Task instructions
Please print exactly the lines from the one containing "内部迭代和外部迭代本质刨析:(操作流就像" through the last line of the records, and only those. Leave out any pictures.

Data supplied section start

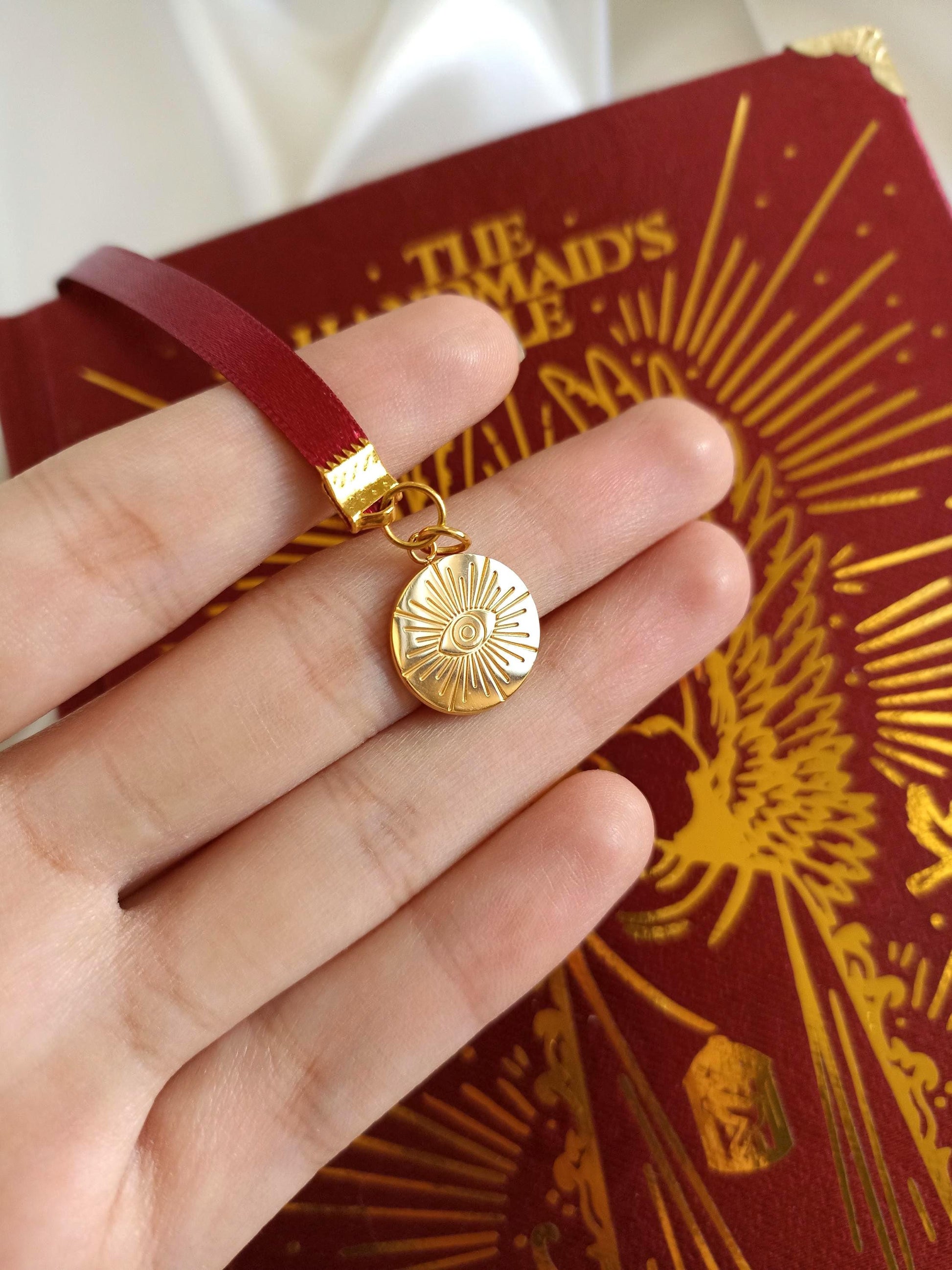 Handcrafted rebound edition of The Handmaid's Tale, made with luxurious wine red fabric with a stunning golden vinyl design. The cover showcases a unique tattoo inspired style, making it a one of akind collectible.
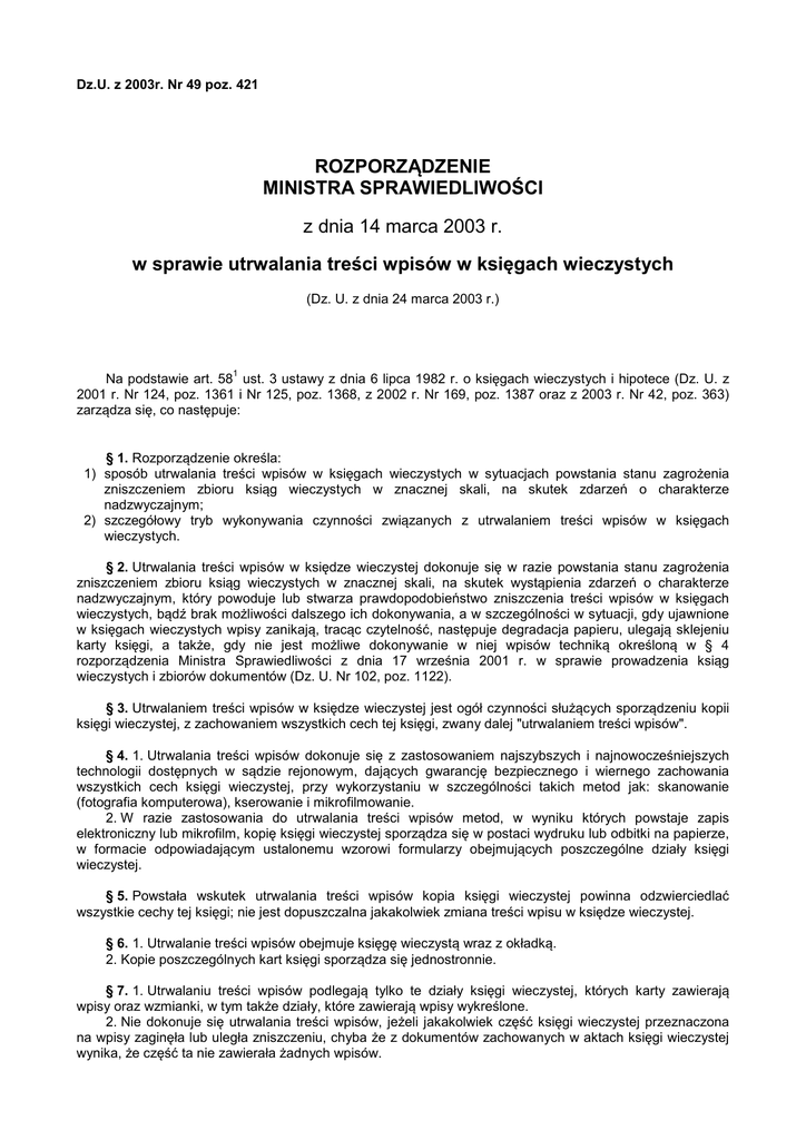 Dz.U. z 2003r. Nr 49 poz. 421 ROZPORZĄDZENIE MINISTRA SPRAWIEDLIWOŚCI z dnia 14 marca 2003 r. w sprawie utrwalania treści wpisów w księgach wieczystych (Dz. U. z dnia 24 marca 2003 r.) 1 Na podstawie art. 58 ust. 3 ustawy z dnia 6 lipca 1982 r. o księgach wieczystych i hipotece (Dz. U. z 2001 r. Nr 124, poz. 1361 i Nr 125, poz. 1368, z 2002 r. Nr 169, poz. 1387 oraz z 2003 r. Nr 42, poz. 363) zarządza się, co następuje: § 1. Rozporządzenie określa: 1) sposób utrwalania treści wpisów w księgach wieczystych w sytuacjach powstania stanu zagrożenia zniszczeniem zbioru ksiąg wieczystych w znacznej skali, na skutek zdarzeń o charakterze nadzwyczajnym; 2) szczegółowy tryb wykonywania czynności związanych z utrwalaniem treści wpisów w księgach wieczystych. § 2. Utrwalania treści wpisów w księdze wieczystej dokonuje się w razie powstania stanu zagrożenia zniszczeniem zbioru ksiąg wieczystych w znacznej skali, na skutek wystąpienia zdarzeń o charakterze nadzwyczajnym, który powoduje lub stwarza prawdopodobieństwo zniszczenia treści wpisów w księgach wieczystych, bądź brak możliwości dalszego ich dokonywania, a w szczególności w sytuacji, gdy ujawnione w księgach wieczystych wpisy zanikają, tracąc czytelność, następuje degradacja papieru, ulegają sklejeniu karty księgi, a także, gdy nie jest możliwe dokonywanie w niej wpisów techniką określoną w § 4 rozporządzenia Ministra Sprawiedliwości z dnia 17 września 2001 r. w sprawie prowadzenia ksiąg wieczystych i zbiorów dokumentów (Dz. U. Nr 102, poz. 1122). § 3. Utrwalaniem treści wpisów w księdze wieczystej jest ogół czynności służących sporządzeniu kopii księgi wieczystej, z zachowaniem wszystkich cech tej księgi, zwany dalej "utrwalaniem treści wpisów". § 4. 1. Utrwalania treści wpisów dokonuje się z zastosowaniem najszybszych i najnowocześniejszych technologii dostępnych w sądzie rejonowym, dających gwarancję bezpiecznego i wiernego zachowania wszystkich cech księgi wieczystej, przy wykorzystaniu w szczególności takich metod jak: skanowanie (fotografia komputerowa), kserowanie i mikrofilmowanie. 2. W razie zastosowania do utrwalania treści wpisów metod, w wyniku których powstaje zapis elektroniczny lub mikrofilm, kopię księgi wieczystej sporządza się w postaci wydruku lub odbitki na papierze, w formacie odpowiadającym ustalonemu wzorowi formularzy obejmujących poszczególne działy księgi wieczystej. § 5. Powstała wskutek utrwalania treści wpisów kopia księgi wieczystej powinna odzwierciedlać wszystkie cechy tej księgi; nie jest dopuszczalna jakakolwiek zmiana treści wpisu w księdze wieczystej. § 6. 1. Utrwalanie treści wpisów obejmuje księgę wieczystą wraz z okładką. 2. Kopie poszczególnych kart księgi sporządza się jednostronnie. § 7. 1. Utrwalaniu treści wpisów podlegają tylko te działy księgi wieczystej, których karty zawierają wpisy oraz wzmianki, w tym także działy, które zawierają wpisy wykreślone. 2. Nie dokonuje się utrwalania treści wpisów, jeżeli jakakolwiek część księgi wieczystej przeznaczona na wpisy zaginęła lub uległa zniszczeniu, chyba że z dokumentów zachowanych w aktach księgi wieczystej wynika, że część ta nie zawierała żadnych wpisów. 3. W przypadku, o którym mowa w ust. 2, sędzia lub referendarz sądowy dokonuje adnotacji na kopii księgi wieczystej o tych działach, które nie zawierały wpisów, a zaginęły lub uległy zniszczeniu. § 8. 1. Powstałą wskutek utrwalania treści wpisów kopię księgi wieczystej uwierzytelnia sędzia lub referendarz sądowy, składając na tej kopii czytelny podpis i zamieszczając przy nim datę. Przed podpisem zamieszcza się napis: "Za zgodność z oryginałem.". 2. Podpis sędziego lub referendarza sądowego, data uwierzytelnienia kopii księgi wieczystej oraz numer księgi wieczystej zamieszczane są na każdej karcie kopii tej księgi, bezpośrednio pod ostatnim wpisem znajdującym się na tej karcie. 3. Pod podpisem i datą uwierzytelnienia kopii księgi wieczystej ujawnia się tylko wzmianki: o wniosku, o sprawach wszczętych z urzędu, o apelacji, o kasacji i o skardze na orzeczenie referendarza sądowego. § 9. 1. Po zakończeniu utrwalania treści wpisów na kopii ostatniej karty działu I-O sporządza się opis, który zamieszcza się przed podpisem sędziego lub referendarza sądowego. Jeżeli na ostatniej karcie działu I-O brak jest miejsca na opis, zamieszcza się go na okładce kopii księgi wieczystej. 2. Opis, o którym mowa w ust. 1, zawiera informację, w której wymienia się w szczególności działy i liczbę kart, które podlegały skopiowaniu. § 10. Kopie kart księgi wieczystej numeruje się, zszywa i umieszcza w twardych okładkach. Na okładce umieszcza się napis: "Księga wieczysta Nr .... prowadzona przez Sąd Rejonowy w ..... . Kopia - dz. Kop. Nr ... .". § 11. 1. Księgę wieczystą, z której została sporządzona kopia, zamyka się z adnotacją "księga skopiowana" i przechowuje w oddzielnym pomieszczeniu. 2. Jeżeli dalsze przechowywanie księgi wieczystej, o której mowa w ust. 1, zagraża zdrowiu, życiu lub pozostałemu zbiorowi ksiąg wieczystych, na wniosek prezesa sądu rejonowego, prezes sądu okręgowego, po uzyskaniu zgody Ministra Sprawiedliwości, podejmuje decyzję o jej likwidacji. 3. Okoliczności, o których mowa w ust. 2, powinny być potwierdzone ekspertyzą specjalistyczną. § 12. 1. Utrwalania treści wpisów dokonuje wyodrębniona sekcja, powołana przez prezesa sądu rejonowego, działająca pod kierunkiem sędziego lub referendarza sądowego, która działa niezależnie od funkcjonowania wydziału ksiąg wieczystych. 2. Sekcja, o której mowa w ust. 1, dokonując ogółu czynności przy utrwalaniu treści wpisów, może, z wyjątkiem uwierzytelniania kopii księgi wieczystej, korzystać z usług zamówionych u podmiotu zewnętrznego. § 13. 1. Prezes sądu rejonowego przygo
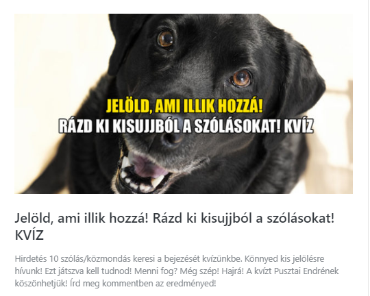 A Kvízmester.comon megjelent a Jelöld, ami illik hozzá! Rázd ki kisujjból a szólásokat! KVÍZ!
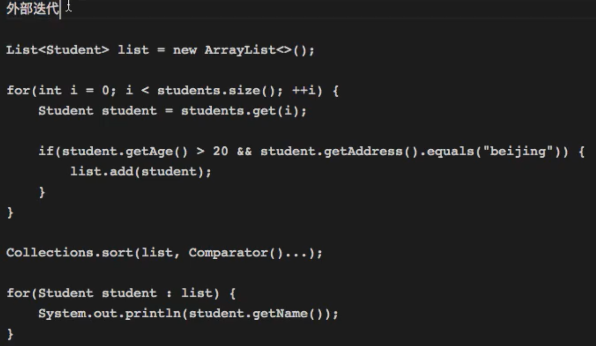 内部迭代和外部迭代本质刨析:(操作流就像英语中的完形填空,直接操作集合就是完成一个完整的命题作文)
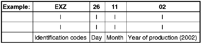 Code letters and production date - arrow 1 -
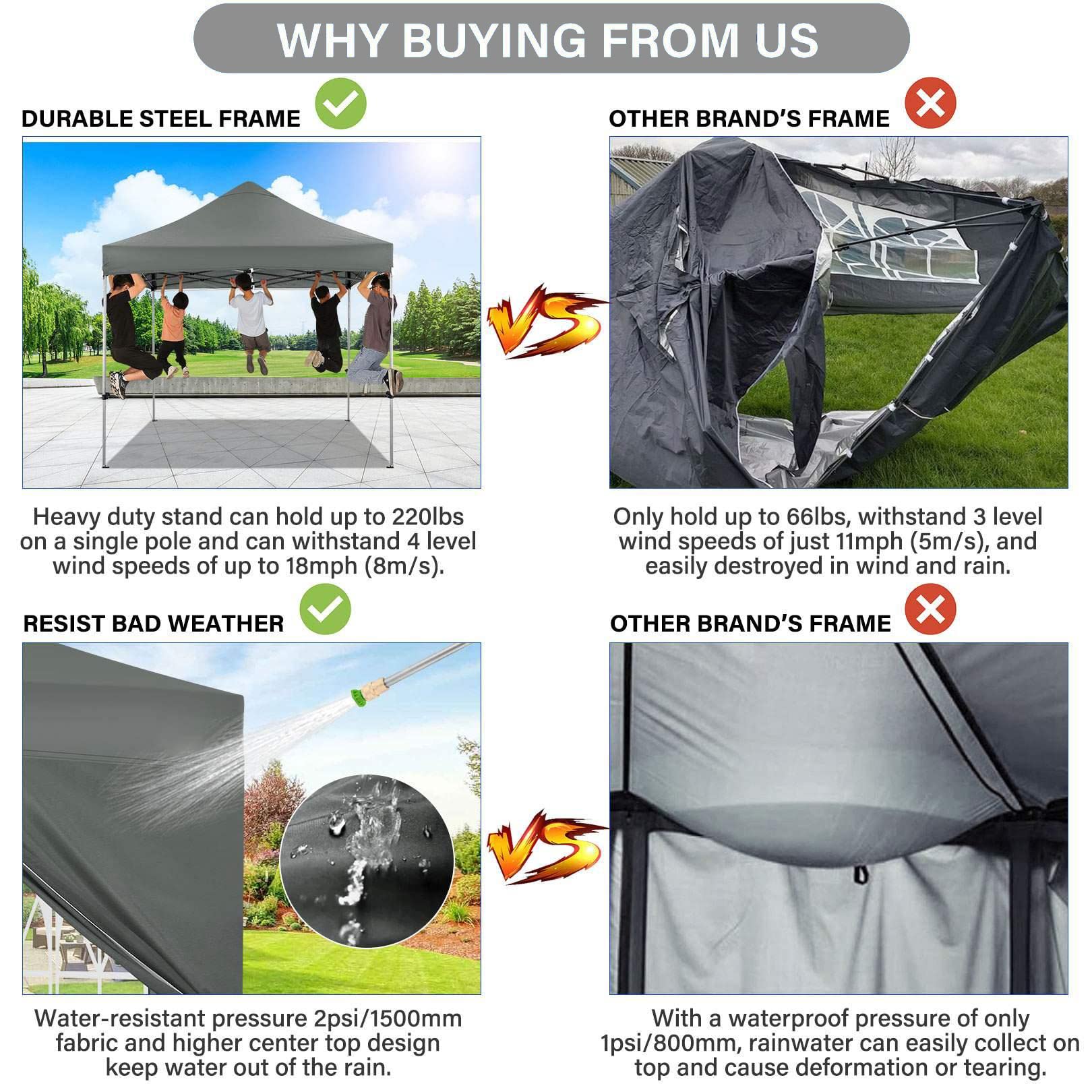 - 【Lass dein Zelt nicht unbeaufsichtigt】Bitte beachten Sie, dass unsere Produkte für den täglichen Gebrauch zum Schutz vor Sonne und leichtem Regen konzipiert sind. Bauen Sie das Überdachungszelt IMMER ab, wenn ein Sturm aufzieht. Sichern Sie das Zelt während des Gebrauchs immer mit den mitgelieferten Heringen und Seilen, um Schäden zu vermeiden. Ein Jahr Nachverkaufsschutz für Überdachungsrahmen; Sechs Monate Nachverkaufsschutz für Stoffe und Accessoires.
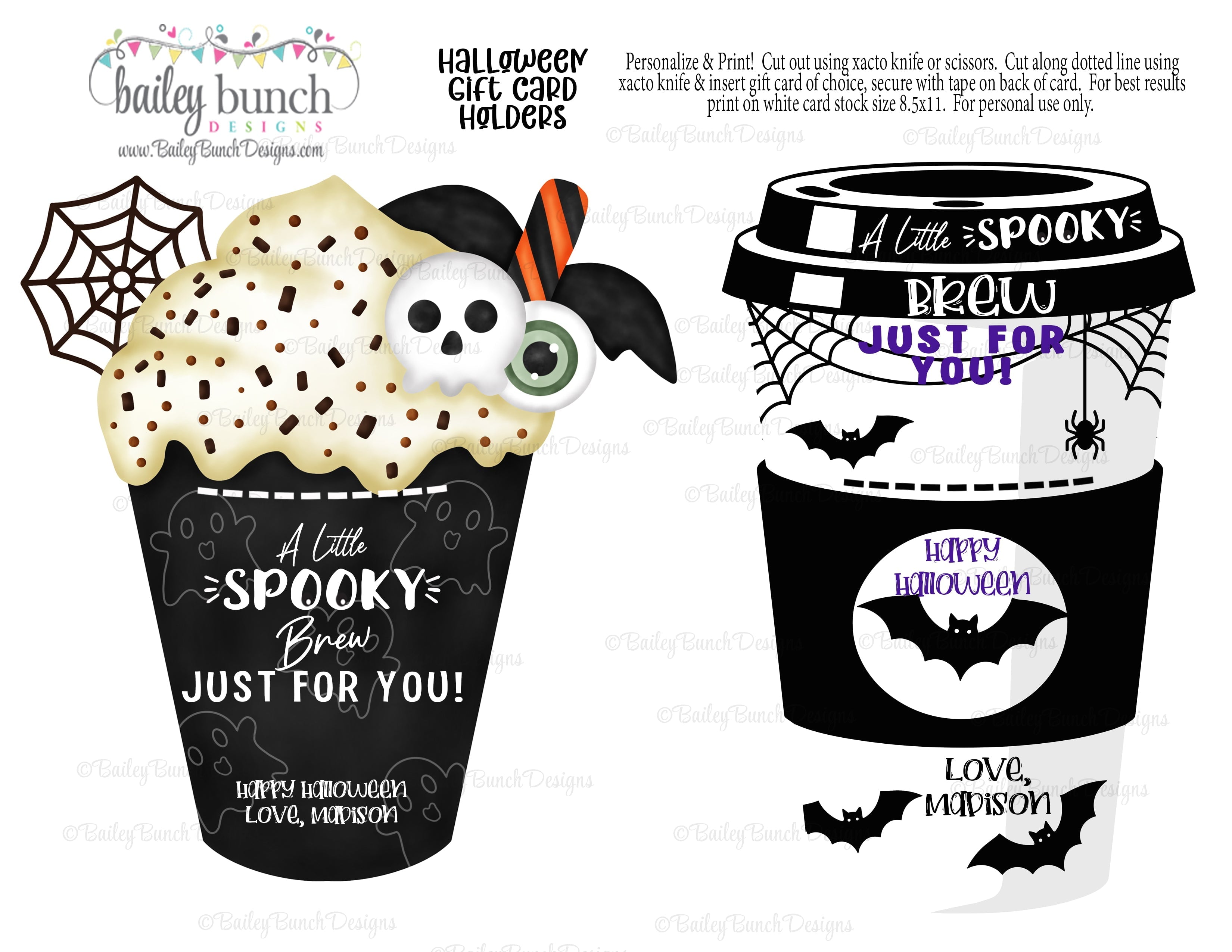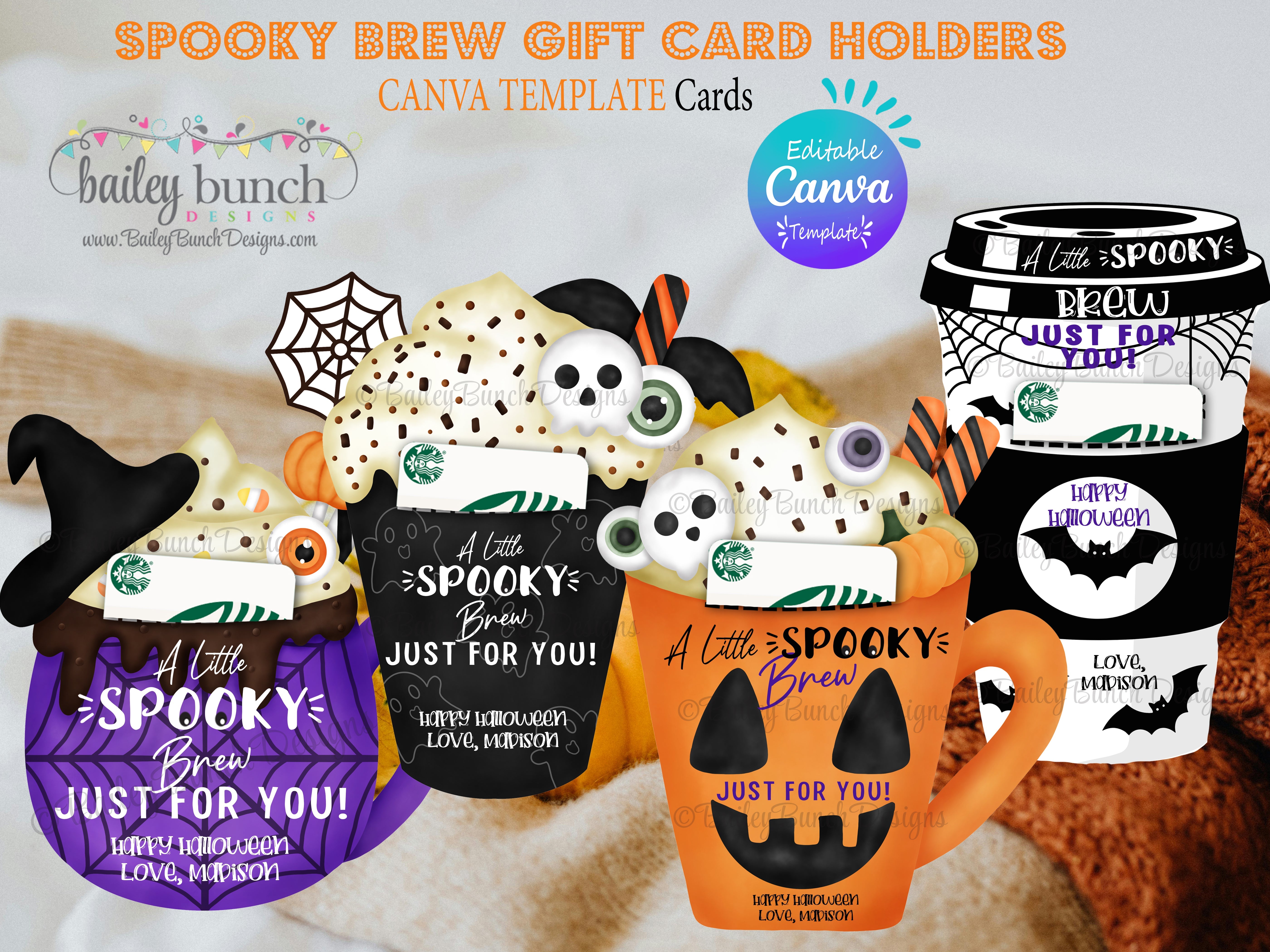 Halloween Spooky Brew Gift Card Holders, Halloween Gifts, Best Teacher Gifts, Non Candy Halloween treats, Happy Halloween, Spooky Brew - Editable Canva Template

Data supplied section end

Output for this exercise
 内部迭代和外部迭代本质刨析:(操作流就像英语中的完形填空,直接操作集合就是完成一个完整的命题作文)
 Code letters and production date - arrow 1 -
 - 【Lass dein Zelt nicht unbeaufsichtigt】Bitte beachten Sie, dass unsere Produkte für den täglichen Gebrauch zum Schutz vor Sonne und leichtem Regen konzipiert sind. Bauen Sie das Überdachungszelt IMMER ab, wenn ein Sturm aufzieht. Sichern Sie das Zelt während des Gebrauchs immer mit den mitgelieferten Heringen und Seilen, um Schäden zu vermeiden. Ein Jahr Nachverkaufsschutz für Überdachungsrahmen; Sechs Monate Nachverkaufsschutz für Stoffe und Accessoires.
 Halloween Spooky Brew Gift Card Holders, Halloween Gifts, Best Teacher Gifts, Non Candy Halloween treats, Happy Halloween, Spooky Brew - Editable Canva Template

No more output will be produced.